> _THE TASK_:
Nothing but the pictures may be dropped; the rest of the listing is to be written out exactly.

> _SOURCE DATA_:
*****

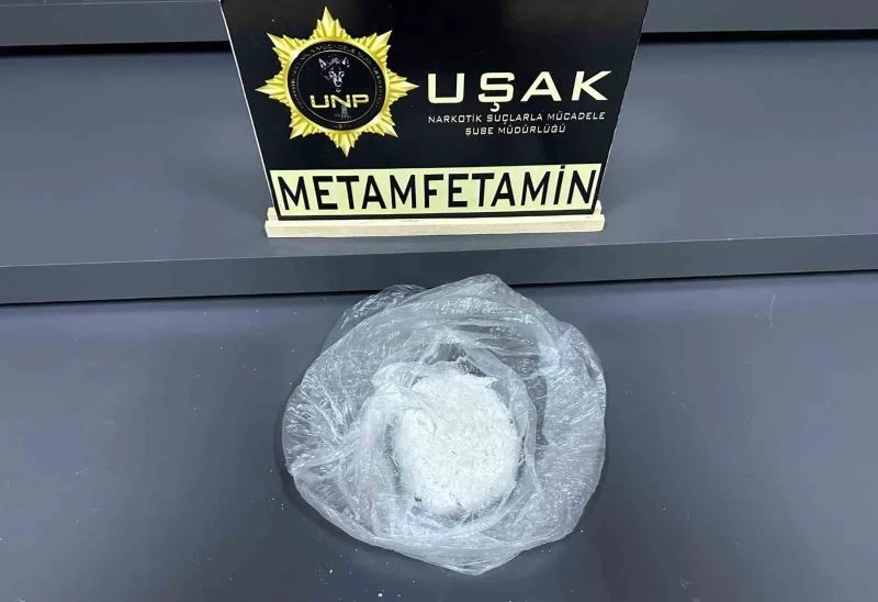 Uşak İl Emniyet Müdürlüğü’ne bağlı Narkotik Suçlarla Mücadele Şube Müdürlüğü ekipleri şüphe üzerine durdurdukları araçta yapılan arama sonrasında 100 gram metamfetamin buldu. Araç sürücüsü E.T. ise ekiplerce gözaltına alındı. Emniyetteki işlemlerin ardından adliyeye sevk edilen sürücü, çıkarıldığı mahkemece tutuklandı.
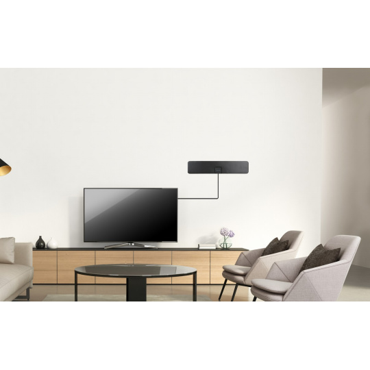Elegantní pokojová anténa pro příjem digitální i analogové TV. Zesilovač antény lze napájet díky USB kabelu dvěma způsoby. Napájení pomocí adaptéru 230V a dále napájení z USB konektoru. Druhý způsob ocení uživatel, který chce sledovat TV např. na NB pomocí USB tuneru. Anténu lze přilepit sado 3M oboustranných pásek na zeď, nábytek, nebo umístit do podstavce.
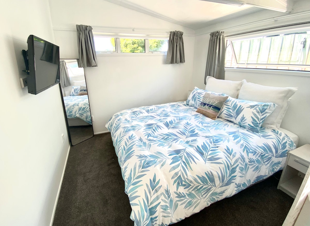 This studio-sized cabin is self-contained and approximately 100 meters from the main house. It has a very comfortable Queen-size bed with an electric blanket for colder months. A spacious deck with waterfall views and walnut trees compliments the cabin. It is situated on a 20-acre rural property, with a 20-minute drive to downtown Tauranga and a 10-minute drive to Bethlehem and Tauriko Crossing, offering dining and shopping options. Continental breakfast is included. Uber Eats also delivers!

*****

> _WRITTEN RESPONSE_:
 Uşak İl Emniyet Müdürlüğü’ne bağlı Narkotik Suçlarla Mücadele Şube Müdürlüğü ekipleri şüphe üzerine durdurdukları araçta yapılan arama sonrasında 100 gram metamfetamin buldu. Araç sürücüsü E.T. ise ekiplerce gözaltına alındı. Emniyetteki işlemlerin ardından adliyeye sevk edilen sürücü, çıkarıldığı mahkemece tutuklandı.
Elegantní pokojová anténa pro příjem digitální i analogové TV. Zesilovač antény lze napájet díky USB kabelu dvěma způsoby. Napájení pomocí adaptéru 230V a dále napájení z USB konektoru. Druhý způsob ocení uživatel, který chce sledovat TV např. na NB pomocí USB tuneru. Anténu lze přilepit sado 3M oboustranných pásek na zeď, nábytek, nebo umístit do podstavce.
 This studio-sized cabin is self-contained and approximately 100 meters from the main house. It has a very comfortable Queen-size bed with an electric blanket for colder months. A spacious deck with waterfall views and walnut trees compliments the cabin. It is situated on a 20-acre rural property, with a 20-minute drive to downtown Tauranga and a 10-minute drive to Bethlehem and Tauriko Crossing, offering dining and shopping options. Continental breakfast is included. Uber Eats also delivers!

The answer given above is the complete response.